Одним из немногих исключений из этого мироощущения является консервативное христианское богословие, в частности, представители православной духовно-академической науки. Четкие представления о традиции (предании) укореняется в самой системе церковного наследования. В начале века Н.П.Аксаков писал: “Церковь хранит предание, а не создает его, не накопляет и не вырабатывает, как исповедует отчасти римский католицизм. Предание в истории может систематизироваться, производить выводы из вложенных в него посылок, но не может включать в себя новые начала, обогащаться новыми элементами”. По Аксакову, предание именно вложено в Церковь и хранится ею, как некое иное по своей природе, привнесенное извне сокровище.

Другим исключением, открыто выступающим против современного подхода к проблеме наследования, являются представители метафизики “традиционализма”, а также их последователи в сфере религиоведения, истории, этнографии, теории культуры. Традиционалисты исходят из того, что основой подлинной традиции (предания) является имеющая нечеловеческий (сакральный) источник происхождения инициатическая последовательность. Вместе с инициацией передается и определенное священное знание, то есть знание символов и представление о принципе иерархичности. Весь мир для традиционалистов насквозь символичен и насквозь иерархичен.

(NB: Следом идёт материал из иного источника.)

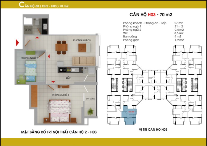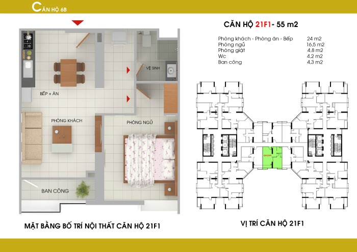 - Diện tích: 51-55-62-63-70m2 ,2 phòng ngủ.
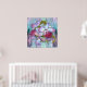 Aquarellfarbene lila Orchideen Set auf Vorhänge von Lavendel, Aqua und Marine mit Minzgrün und Lavendel Glitzer fotografiert Glas.
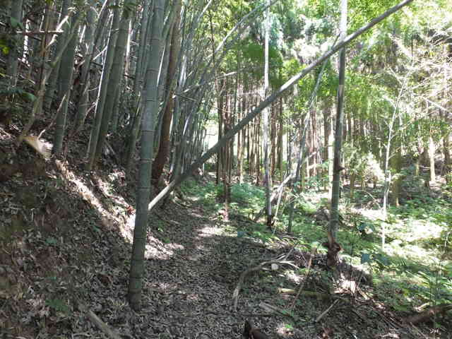 11:26 尾根筋は竹藪の急斜面で右へ回る |
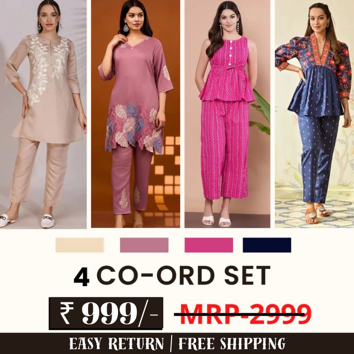 The 4 Co-ord Set Women Combo offers a versatile and stylish wardrobe upgrade for every occasion. This collection includes an elegant ethnic co-ord set, perfect for festive celebrations with its intricate prints and rich fabrics like silk or cotton in vibrant hues such as maroon or emerald green.

Вместе с тем, трудно не заметить, что между представлениями о Священном предании у ортодоксальных богословов (а также о “правильной традиции” у традиционалистов) и современным общераспространенным пониманием традиции пролегает не просто концептуальная, но и семантическая бездна. Слово “традиция” стало многозначным, и мы не можем игнорировать специфику современного словоупотребления. Строго говоря, категория традиции, как понимают ее в настоящее время, должна быть рассмотрена в трех основных аспектах: традиции как порядка, традиции как процесса, традиции как полной системы существования той или иной общности.

ТРАДИЦИЯ КАК ПОРЯДОК

Прежде всего, традицию следует определить как порядок наследования, обеспечивающий посредством определенных правил, обязанностей, мер точное воспроизведение сущности наследуемого, его содержания. (Содержанием наследования в духовной культуре выступают смысл, ценностные установки, то, что называют “духом культуры”, ее внутренней сущностью.) Традиция выполняет в культуре функцию инстинкта самосохранения, выступает как принцип и способность сопротивляемости разложению смысла, смерти смысла. Поэтому традиция не может быть сведена к частному мнению, но только к надындивидуальной вере и убеждению. Традиция не является чем-то абстрактным, неуловимым, она всегда есть конкретный порядок: модель, образец, ценностный, духовно-эмоциональный, символический “стереотип”.

Из слов, образов, символов, задействованных в культуре, складывается широкая традиция, но и сами эти слова, образы, символы являются маленькими воплощениями “порядка наследования”, элементарными частицами традиции. Как элементарнейший стереотип, так и система таких стереотипов представляют собой разные уровни одного порядка, разные ракурсы одной организации. Один из современных культурологов так охарактеризовал роль стереотипных “вестей”: “Не принося нового знания, они хранят уже имеющееся, восстанавливают, непрерывно “достраивают” разрушения, наносимые временем сложившимся структурам мысли, поведения, организации”.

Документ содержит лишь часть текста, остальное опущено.